Valve Wants Students to Play Video Games … in the Classroom
If you think back to your physics class back in high school, you might remember (or conveniently “archived”) a bunch of formulas, calculations and headaches.
Physics can be hard to learn, and until you get up to the level where you’re discovering new particles, might not be the most fun or interesting. But if Oregon Trail can make a whole generation enjoy learning about Conestoga wagon trains, just think what adding a video game element to a dynamic science will do.
Now you’re learning with portals
Some high school students are lucky enough to be experiencing that kind of class right now. Game developer Valve recently launched the “Teach With Portals” program, which is an initiative to bring physics-based Puzzle Game, Portal 2, into the classroom with the aim to teach the science in a hands-on, virtual environment.

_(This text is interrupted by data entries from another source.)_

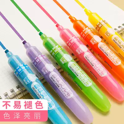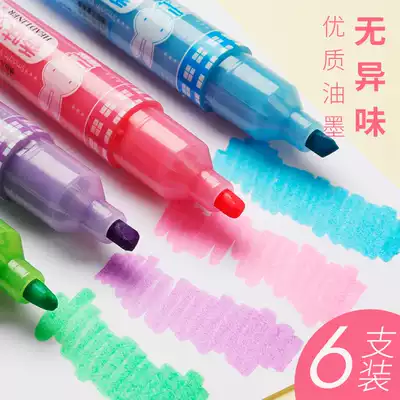 Morning light fluorescent pen single head wide marker pen multi-color students with light color candy yellow red green color large capacity children rough stroke Key Light Marker Pen Waterproof 6 fragrance set
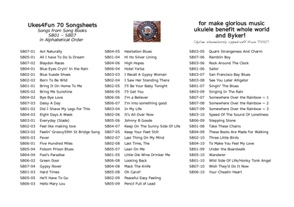 As with Songbook 8, I am trying to share out the uke-lurve by including as many different singers as possible in each song book. Apologies to those who have not yet been included in Songbooks 8 or 9 – your time will come as soon as you have sent or approved the song files.
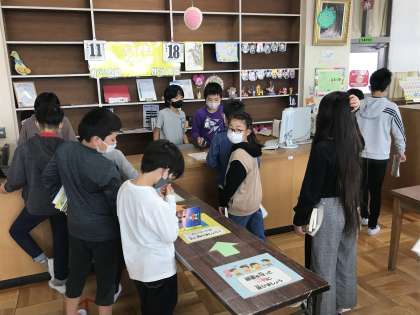 図書委員会の児童が朝から図書館のお仕事に取り組む様子です。

The program allows teachers to download an educational version of the game platform Steam, which includes Portal 2 and Puzzle Maker, as well as suggested lesson plans for teachers in other subjects. There are already some crowdsourced lessons in math and physics, with additional categories for game design, chemistry, and language arts. The lessons include activities such as having students perform experiments to explore the nature of in-game gravity, momentum and other physics concepts. Some lessons also call for students to design their own puzzles and challenge each other.
As part of the lesson plan submission process, users have to give some information – including the school they work for, what subject they teach and what education standards the lesson fulfills. Then, each lesson goes through a thorough review process. This means students can’t design a really simple lesson to trick their teacher into giving them an easy grade, but they can finally tell their parents they’re playing video games for homework!
According to a recent Wired article, the program has received immensely positive feedback from educators.”A teacher can use an aspect of the game for demonstration purposes, or have students use it more interactively,” said Leslie Redd, director of educational programs at Valve, who was quoted in the article. “The lesson plans on the website are created by educators and are aligned to Common Core and Next Generation Science Standards. Teachers in the initial beta test have told us that they use the Puzzle Maker to introduce, support and supplement their students’ learning.”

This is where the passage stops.